Microsoft CRM uses Windows® Active Directory® to store information about users, business units, teams, and roles. When you install Microsoft CRM, a new organizational unit (OU) object is created that uses the Organization name you have specified.

Users

To add a new user to Microsoft CRM, the user must first exist in Active Directory. Each user has a user object in Active Directory.

Business Units and Teams

When a business unit is created in Microsoft CRM, it shows up as an organizational unit (OU) object in Active Directory within the OU for the root organization of the business unit hierarchy.

When a team is created or modified, it shows up as a security group object within the Microsoft CRM OU object in Active Directory. When a user is added to a team, the user becomes a member of the team in Active Directory.

Roles

Each role that is defined in Microsoft CRM is implemented as up to three Active Directory security groups. The security groups for each role are as follows:

  • MSCRM Role (role_name). This security group is present for all roles and has all users assigned to this role as members. On objects for which the role grants the Local access level for an access right, Microsoft CRM grants read access to this group on every object of that type in the business unit.
  • MSCRM Glbl (role_name). This security group is created only when a role has any objects with Global access levels. The MSCRM Role (role_name) group is a member of this group. On objects for which the role grants the Global access level for an access right, Microsoft CRM grants the access right to members of the MSCRM Glbl (role_name) group on every object of that type in the organization.
  • MSCRM Deep (role_name).
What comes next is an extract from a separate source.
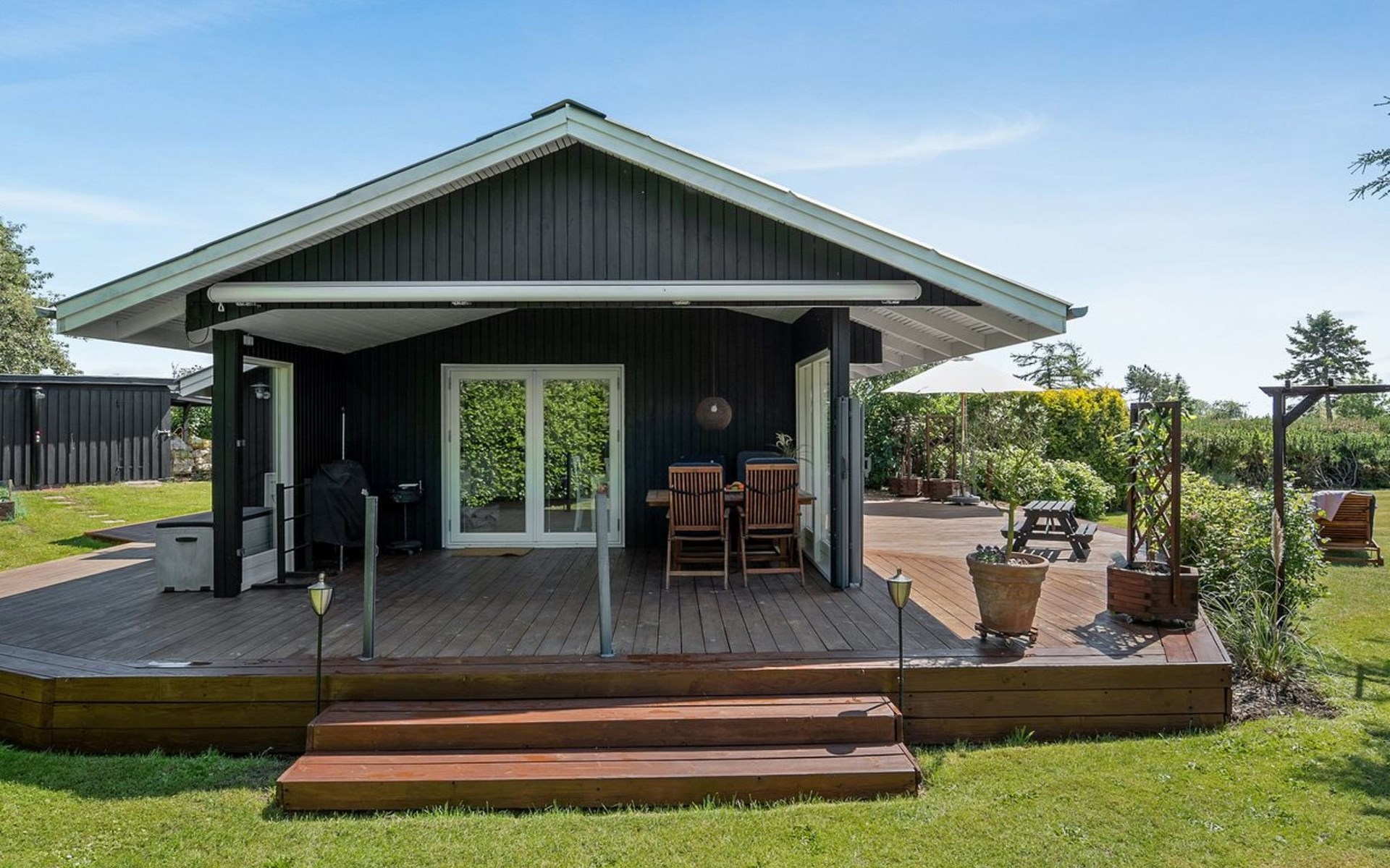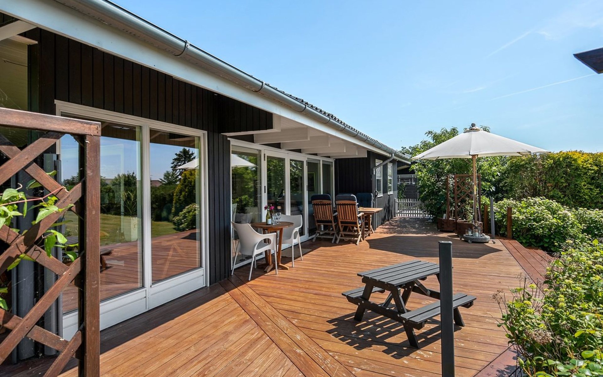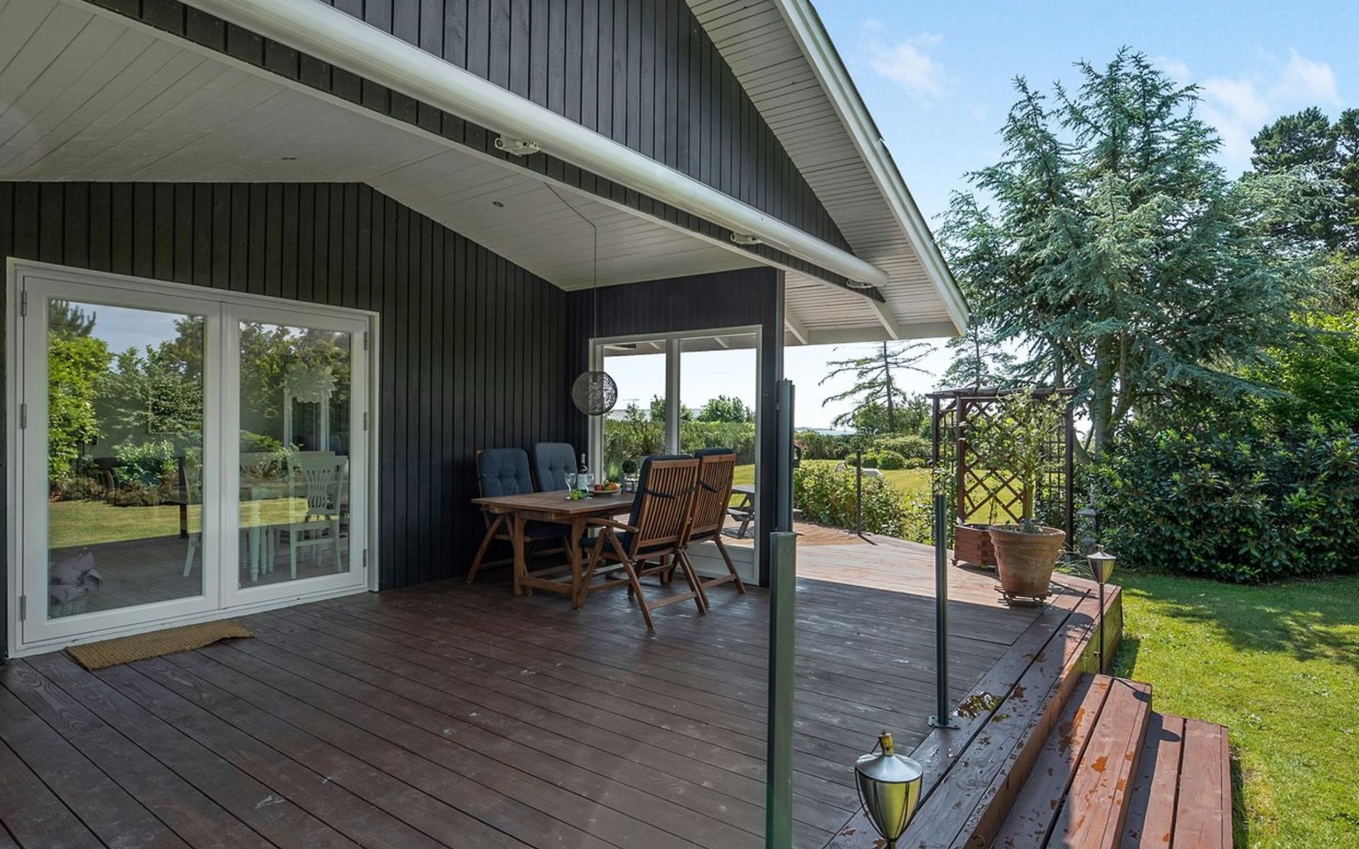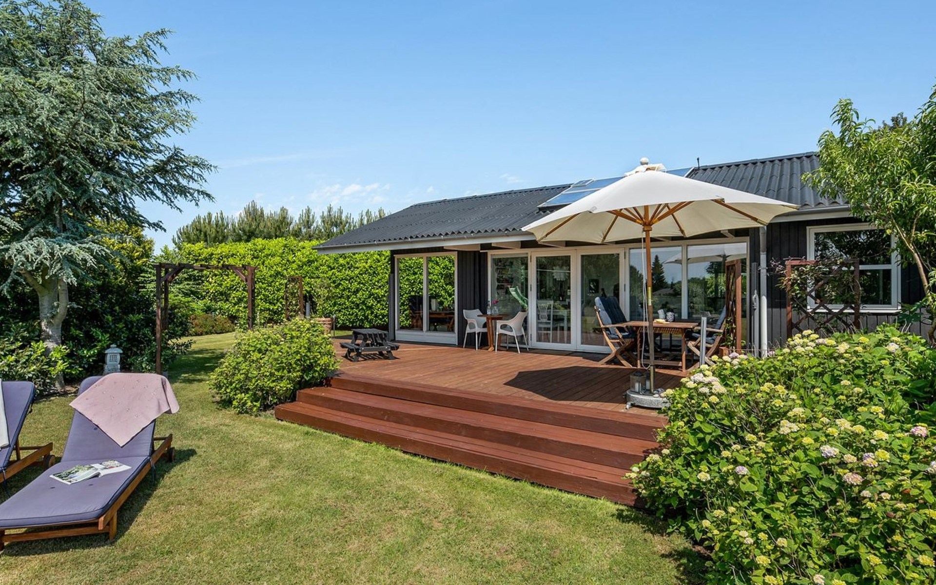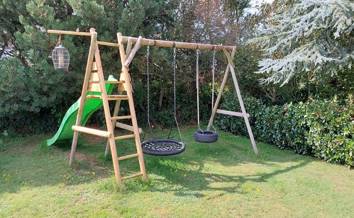 Single-family house, built in 1967. 150 m from the sea. Private: property 1'120 m2, well-kept garden. Outdoor shower, barbecue, children's playground (slide, swing). In the house: washing machine, tumble dryer. Parking at the house. Grocery 2 km. The owner does not accept any youth groups.

This group is created only when a role has any objects with Deep access levels. The MSCRM Role (role_name) group is a member of this group. On objects for which the role grants the Deep access level for an access right, Microsoft CRM grants the access right to the MSCRM Deep (role_name) group on every object of that type in the business unit and all of that unit’s child business units.

For example, assume John is a member of the Vice President of Sales role, a role defined as having Global read, Deep create, and Local write privileges on activities. As a result:

  1. John can read all activities in the organization. That's because John is a member of the MSCRM Role (Vice President of Sales) group, which in turn is a member of the MSCRM Glbl (Vice President of Sales) group. The Glbl group has been granted read access on all activities in John's organization.
  2. John can create activities in his business unit and all subordinate business units. That's because John is a member of the MSCRM Role (Vice President of Sales) group, which in turn is a member of the MSCRM Deep (Vice President of Sales) group. The Deep group has been granted create access on all activities in John's business unit and all of this unit’s child business units.
  3. John can make changes to all activities in his business unit. That's because John is a member of the MSCRM Role (Vice President of Sales) group and this group (the Role group) has been granted write access on all activities in John's home business unit.